Records to process -
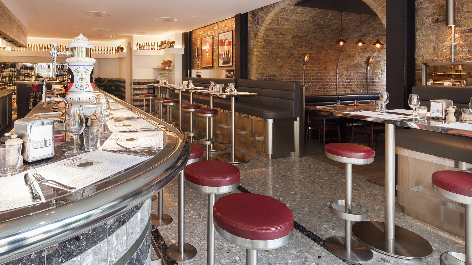 Barrafina has thirty-two stools round its marble bar which overlooking the enticing selection of wines. It also has a bookable snug or private dining room.
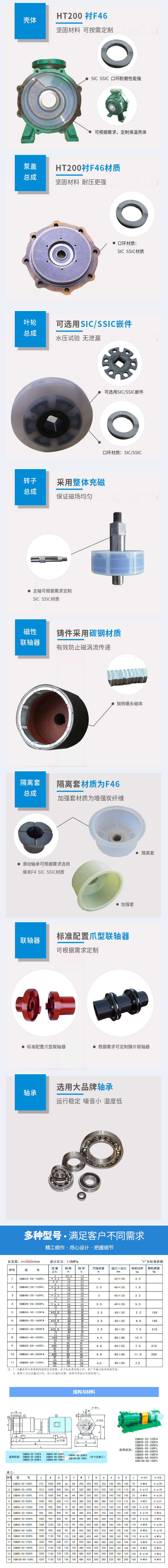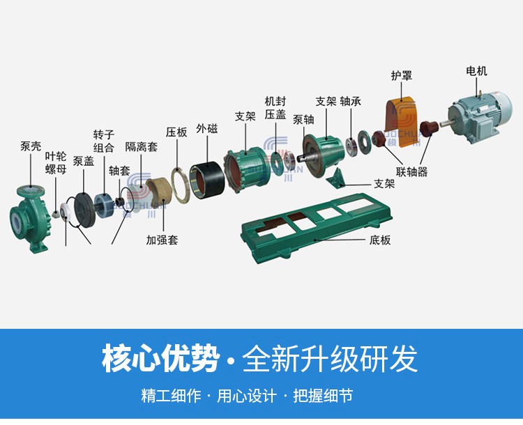 防漏設(shè)計(jì)取消了軸封,利用磁力耦合間接驅(qū)動(dòng),有效消除了滴漏的煩惱,絕不污染場地。由于泵的過流部分選用“氟塑料合金”制造。可連續(xù)輸送任意濃度的酸、堿、強(qiáng)氧化劑等腐蝕介質(zhì)而毫不受損。
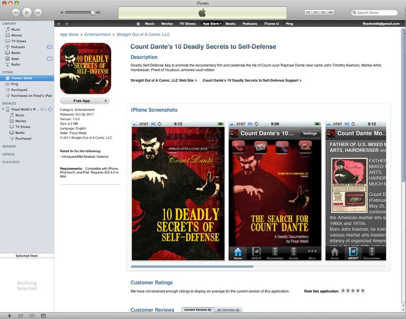 The new Count Dante iPhone app is available in the iTunes store: http://itunes.apple.com/us/app/count-dantes-10-deadly-secrets/id474466210?ls=1&mt=8 For .99 you get 10 self-defense lesson and a histor of Count Dante and his contribution to Mixed Martial Arts. Not bad for for less than a buck in the midst of a recession.
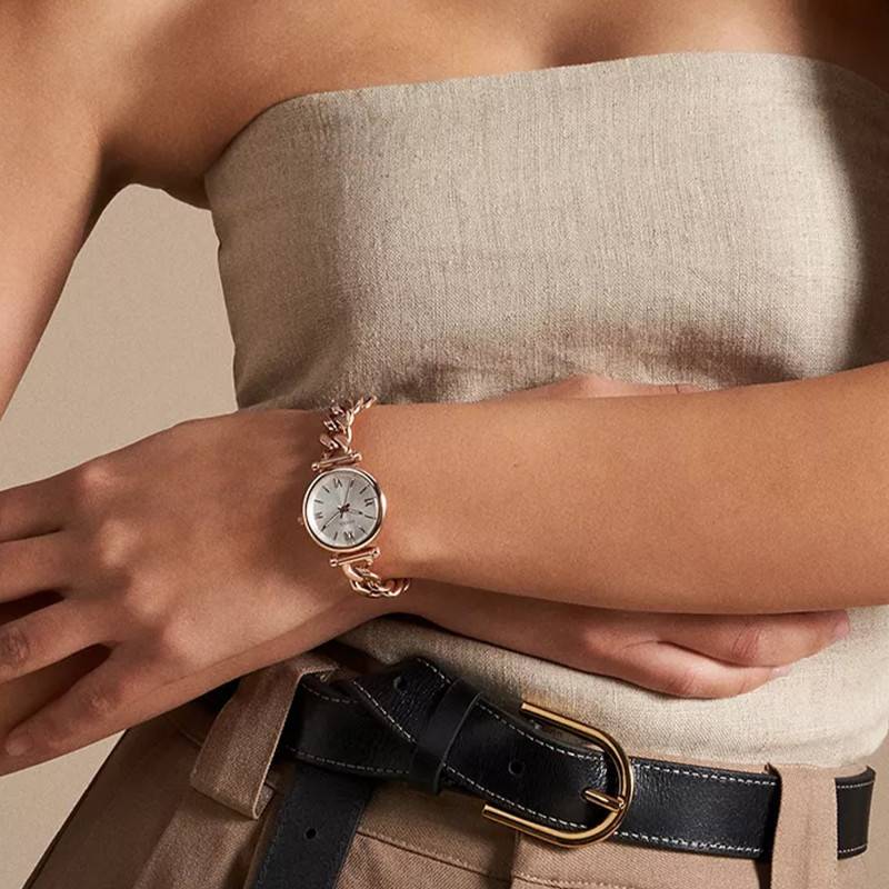 Le bracelet de cette montre est un magnifique complément d'une esthétique qui offre une allure élégante. Conçu comme un bijou, il se compose d'une chaîne gourmette réalisée en acier inoxydable et plaquée par ionisation de couleur or rose. Polie, celle-ci mesure 12 mm de largeur au niveau de l'entrecorne et se termine par un fermoir à clip. Agréable et beau à porter, ce bracelet conviendra aux poignets dotés d'une circonférence de 185 ± 5 mm.
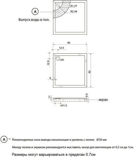 Душевой акриловый поддон Aquatek Альфа 90x90 - арт. DPL-0001.

To do -
Please retype the records above exactly, but leave out any pictures.

Reply to the task -
 Barrafina has thirty-two stools round its marble bar which overlooking the enticing selection of wines. It also has a bookable snug or private dining room.
 防漏設(shè)計(jì)取消了軸封,利用磁力耦合間接驅(qū)動(dòng),有效消除了滴漏的煩惱,絕不污染場地。由于泵的過流部分選用“氟塑料合金”制造。可連續(xù)輸送任意濃度的酸、堿、強(qiáng)氧化劑等腐蝕介質(zhì)而毫不受損。
 The new Count Dante iPhone app is available in the iTunes store: http://itunes.apple.com/us/app/count-dantes-10-deadly-secrets/id474466210?ls=1&mt=8 For .99 you get 10 self-defense lesson and a histor of Count Dante and his contribution to Mixed Martial Arts. Not bad for for less than a buck in the midst of a recession.
 Le bracelet de cette montre est un magnifique complément d'une esthétique qui offre une allure élégante. Conçu comme un bijou, il se compose d'une chaîne gourmette réalisée en acier inoxydable et plaquée par ionisation de couleur or rose. Polie, celle-ci mesure 12 mm de largeur au niveau de l'entrecorne et se termine par un fermoir à clip. Agréable et beau à porter, ce bracelet conviendra aux poignets dotés d'une circonférence de 185 ± 5 mm.
 Душевой акриловый поддон Aquatek Альфа 90x90 - арт. DPL-0001.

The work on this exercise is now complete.